### Task goal
The answer must consist of every line from the data that holds "includes".

Source data:
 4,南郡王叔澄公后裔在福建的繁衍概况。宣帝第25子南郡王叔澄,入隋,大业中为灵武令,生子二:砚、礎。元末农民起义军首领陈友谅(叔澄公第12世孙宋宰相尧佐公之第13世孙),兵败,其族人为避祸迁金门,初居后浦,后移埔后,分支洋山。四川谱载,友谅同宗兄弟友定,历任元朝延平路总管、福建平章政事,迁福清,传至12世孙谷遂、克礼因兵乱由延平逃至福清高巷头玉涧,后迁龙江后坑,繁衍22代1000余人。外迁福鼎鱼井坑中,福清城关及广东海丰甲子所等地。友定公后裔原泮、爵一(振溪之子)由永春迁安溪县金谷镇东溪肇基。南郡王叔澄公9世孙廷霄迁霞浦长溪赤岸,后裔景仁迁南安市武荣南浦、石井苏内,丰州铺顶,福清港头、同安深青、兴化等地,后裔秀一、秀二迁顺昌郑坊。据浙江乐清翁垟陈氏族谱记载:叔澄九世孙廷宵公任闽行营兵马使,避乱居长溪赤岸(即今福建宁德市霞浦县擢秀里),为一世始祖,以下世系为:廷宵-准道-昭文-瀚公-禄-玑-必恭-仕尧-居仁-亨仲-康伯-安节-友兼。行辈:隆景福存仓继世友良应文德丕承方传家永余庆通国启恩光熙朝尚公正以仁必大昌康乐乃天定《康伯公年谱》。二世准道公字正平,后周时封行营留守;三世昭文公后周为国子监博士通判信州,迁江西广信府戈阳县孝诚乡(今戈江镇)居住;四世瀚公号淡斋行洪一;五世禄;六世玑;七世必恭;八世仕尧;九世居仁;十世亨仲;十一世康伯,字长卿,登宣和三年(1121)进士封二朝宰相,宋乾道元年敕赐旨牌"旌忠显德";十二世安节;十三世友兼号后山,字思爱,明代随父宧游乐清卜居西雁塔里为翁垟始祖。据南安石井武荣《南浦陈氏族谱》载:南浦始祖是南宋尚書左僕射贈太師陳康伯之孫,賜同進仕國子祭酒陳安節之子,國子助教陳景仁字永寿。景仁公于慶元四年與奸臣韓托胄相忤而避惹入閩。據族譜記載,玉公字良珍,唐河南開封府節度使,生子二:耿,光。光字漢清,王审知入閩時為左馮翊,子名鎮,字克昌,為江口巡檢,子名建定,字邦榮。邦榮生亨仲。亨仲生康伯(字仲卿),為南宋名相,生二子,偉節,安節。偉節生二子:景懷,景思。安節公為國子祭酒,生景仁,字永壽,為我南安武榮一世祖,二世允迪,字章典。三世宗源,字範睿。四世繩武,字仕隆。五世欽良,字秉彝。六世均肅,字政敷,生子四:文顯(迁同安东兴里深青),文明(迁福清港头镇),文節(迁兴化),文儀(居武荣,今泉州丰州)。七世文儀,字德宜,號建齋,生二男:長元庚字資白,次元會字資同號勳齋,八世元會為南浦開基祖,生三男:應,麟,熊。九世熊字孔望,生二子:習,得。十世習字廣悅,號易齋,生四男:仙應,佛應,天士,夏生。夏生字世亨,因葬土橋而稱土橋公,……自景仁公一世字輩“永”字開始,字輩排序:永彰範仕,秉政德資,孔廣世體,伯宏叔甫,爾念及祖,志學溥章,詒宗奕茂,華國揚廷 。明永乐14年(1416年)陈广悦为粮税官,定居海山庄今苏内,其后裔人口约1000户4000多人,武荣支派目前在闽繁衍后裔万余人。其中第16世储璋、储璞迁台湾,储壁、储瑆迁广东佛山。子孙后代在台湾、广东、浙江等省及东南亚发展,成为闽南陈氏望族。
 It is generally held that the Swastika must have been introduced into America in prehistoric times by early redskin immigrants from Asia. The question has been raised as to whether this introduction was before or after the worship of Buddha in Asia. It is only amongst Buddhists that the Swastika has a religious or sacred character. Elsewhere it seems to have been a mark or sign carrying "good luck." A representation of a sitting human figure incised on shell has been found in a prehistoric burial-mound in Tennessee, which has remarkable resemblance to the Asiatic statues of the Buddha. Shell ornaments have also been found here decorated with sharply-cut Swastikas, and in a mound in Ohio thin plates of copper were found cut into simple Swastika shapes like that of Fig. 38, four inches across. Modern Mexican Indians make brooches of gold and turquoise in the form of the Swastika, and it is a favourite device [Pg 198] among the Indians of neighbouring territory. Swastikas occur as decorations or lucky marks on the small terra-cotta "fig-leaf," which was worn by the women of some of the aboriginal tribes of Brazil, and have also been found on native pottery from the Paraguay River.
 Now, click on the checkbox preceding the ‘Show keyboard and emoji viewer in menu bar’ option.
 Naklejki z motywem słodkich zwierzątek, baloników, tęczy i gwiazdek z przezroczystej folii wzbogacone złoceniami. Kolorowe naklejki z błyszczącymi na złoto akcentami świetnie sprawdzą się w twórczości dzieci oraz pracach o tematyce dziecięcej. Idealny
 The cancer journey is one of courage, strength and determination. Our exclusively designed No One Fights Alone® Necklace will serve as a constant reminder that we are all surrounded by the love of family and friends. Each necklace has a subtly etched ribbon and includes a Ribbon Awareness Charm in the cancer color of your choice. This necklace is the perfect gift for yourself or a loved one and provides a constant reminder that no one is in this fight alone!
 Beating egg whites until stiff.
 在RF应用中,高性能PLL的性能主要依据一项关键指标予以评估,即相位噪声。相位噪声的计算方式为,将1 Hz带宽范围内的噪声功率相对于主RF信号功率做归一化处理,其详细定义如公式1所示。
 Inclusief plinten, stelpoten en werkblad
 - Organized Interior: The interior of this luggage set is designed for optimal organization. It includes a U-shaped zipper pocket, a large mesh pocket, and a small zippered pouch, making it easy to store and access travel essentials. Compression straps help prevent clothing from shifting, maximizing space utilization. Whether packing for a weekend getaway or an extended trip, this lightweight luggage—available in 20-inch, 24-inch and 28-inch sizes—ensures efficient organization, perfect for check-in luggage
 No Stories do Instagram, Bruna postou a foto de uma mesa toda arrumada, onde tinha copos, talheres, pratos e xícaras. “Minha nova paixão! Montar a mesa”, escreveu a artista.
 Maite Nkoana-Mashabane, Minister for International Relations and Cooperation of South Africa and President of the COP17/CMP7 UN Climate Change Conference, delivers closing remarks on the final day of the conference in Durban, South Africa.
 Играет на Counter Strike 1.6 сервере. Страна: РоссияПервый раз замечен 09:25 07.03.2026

### Response area
 The cancer journey is one of courage, strength and determination. Our exclusively designed No One Fights Alone® Necklace will serve as a constant reminder that we are all surrounded by the love of family and friends. Each necklace has a subtly etched ribbon and includes a Ribbon Awareness Charm in the cancer color of your choice. This necklace is the perfect gift for yourself or a loved one and provides a constant reminder that no one is in this fight alone!
 - Organized Interior: The interior of this luggage set is designed for optimal organization. It includes a U-shaped zipper pocket, a large mesh pocket, and a small zippered pouch, making it easy to store and access travel essentials. Compression straps help prevent clothing from shifting, maximizing space utilization. Whether packing for a weekend getaway or an extended trip, this lightweight luggage—available in 20-inch, 24-inch and 28-inch sizes—ensures efficient organization, perfect for check-in luggage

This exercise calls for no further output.